**Provided entries:**
---
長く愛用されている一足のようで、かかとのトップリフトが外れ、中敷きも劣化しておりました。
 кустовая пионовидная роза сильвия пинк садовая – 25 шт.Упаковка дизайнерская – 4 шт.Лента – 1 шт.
---
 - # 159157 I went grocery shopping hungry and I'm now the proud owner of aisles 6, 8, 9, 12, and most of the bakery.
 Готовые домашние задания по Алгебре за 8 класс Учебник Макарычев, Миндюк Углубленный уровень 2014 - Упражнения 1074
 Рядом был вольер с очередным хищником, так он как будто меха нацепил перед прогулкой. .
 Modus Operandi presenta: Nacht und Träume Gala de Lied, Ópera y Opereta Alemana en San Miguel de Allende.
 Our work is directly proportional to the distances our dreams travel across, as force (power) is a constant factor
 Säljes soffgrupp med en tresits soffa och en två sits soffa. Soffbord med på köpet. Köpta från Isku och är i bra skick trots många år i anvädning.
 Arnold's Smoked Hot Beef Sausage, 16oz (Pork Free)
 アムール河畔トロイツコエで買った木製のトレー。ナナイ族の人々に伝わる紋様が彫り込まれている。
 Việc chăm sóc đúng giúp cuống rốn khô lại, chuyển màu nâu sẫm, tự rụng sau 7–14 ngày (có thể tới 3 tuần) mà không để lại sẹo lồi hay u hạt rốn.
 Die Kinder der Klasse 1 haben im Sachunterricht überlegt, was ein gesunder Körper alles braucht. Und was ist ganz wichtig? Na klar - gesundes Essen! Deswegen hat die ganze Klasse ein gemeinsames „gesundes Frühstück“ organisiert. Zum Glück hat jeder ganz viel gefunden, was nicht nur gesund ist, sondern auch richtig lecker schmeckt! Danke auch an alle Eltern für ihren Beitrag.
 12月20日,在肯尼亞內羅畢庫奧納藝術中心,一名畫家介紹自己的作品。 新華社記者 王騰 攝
---
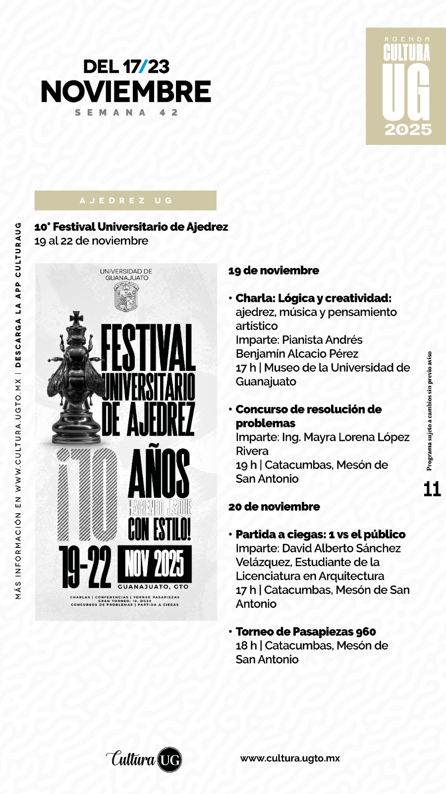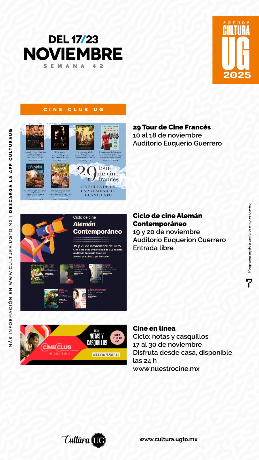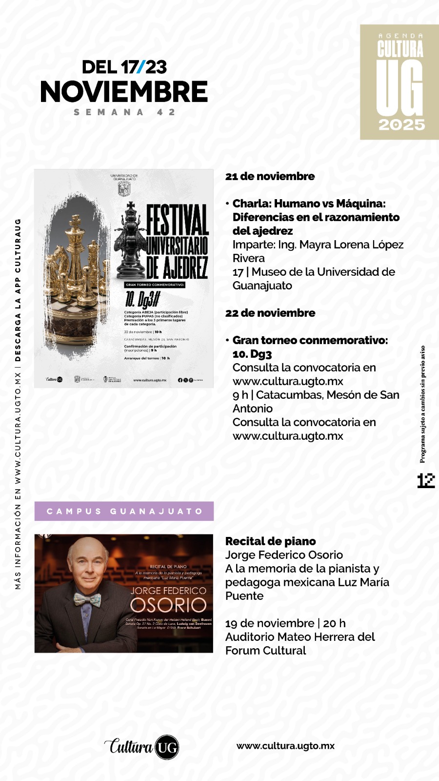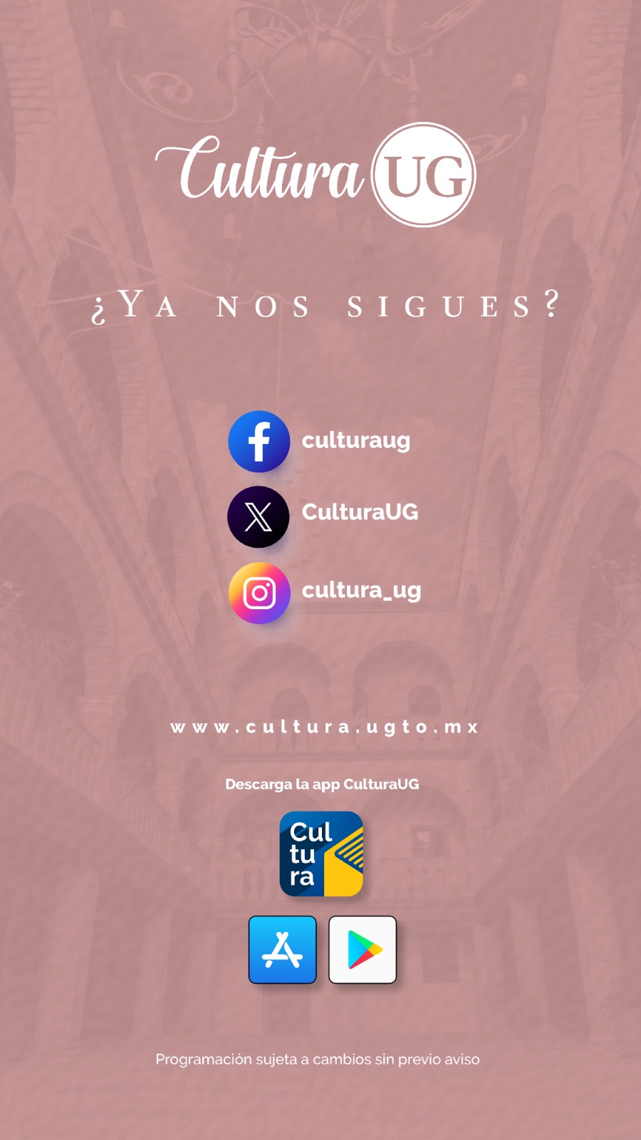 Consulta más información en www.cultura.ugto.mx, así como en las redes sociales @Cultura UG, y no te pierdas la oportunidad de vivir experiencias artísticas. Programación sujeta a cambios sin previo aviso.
---
**Assigned task:** In the listing above, find the line with "Рядом был вольер" and the line with "12月20日,在肯尼亞內羅畢庫奧納藝術中心,一名畫家介紹自己的作品。 新華社記者 王騰"; output exactly those lines and all lines between them.

**Response area:**
 Рядом был вольер с очередным хищником, так он как будто меха нацепил перед прогулкой. .
 Modus Operandi presenta: Nacht und Träume Gala de Lied, Ópera y Opereta Alemana en San Miguel de Allende.
 Our work is directly proportional to the distances our dreams travel across, as force (power) is a constant factor
 Säljes soffgrupp med en tresits soffa och en två sits soffa. Soffbord med på köpet. Köpta från Isku och är i bra skick trots många år i anvädning.
 Arnold's Smoked Hot Beef Sausage, 16oz (Pork Free)
 アムール河畔トロイツコエで買った木製のトレー。ナナイ族の人々に伝わる紋様が彫り込まれている。
 Việc chăm sóc đúng giúp cuống rốn khô lại, chuyển màu nâu sẫm, tự rụng sau 7–14 ngày (có thể tới 3 tuần) mà không để lại sẹo lồi hay u hạt rốn.
 Die Kinder der Klasse 1 haben im Sachunterricht überlegt, was ein gesunder Körper alles braucht. Und was ist ganz wichtig? Na klar - gesundes Essen! Deswegen hat die ganze Klasse ein gemeinsames „gesundes Frühstück“ organisiert. Zum Glück hat jeder ganz viel gefunden, was nicht nur gesund ist, sondern auch richtig lecker schmeckt! Danke auch an alle Eltern für ihren Beitrag.
 12月20日,在肯尼亞內羅畢庫奧納藝術中心,一名畫家介紹自己的作品。 新華社記者 王騰 攝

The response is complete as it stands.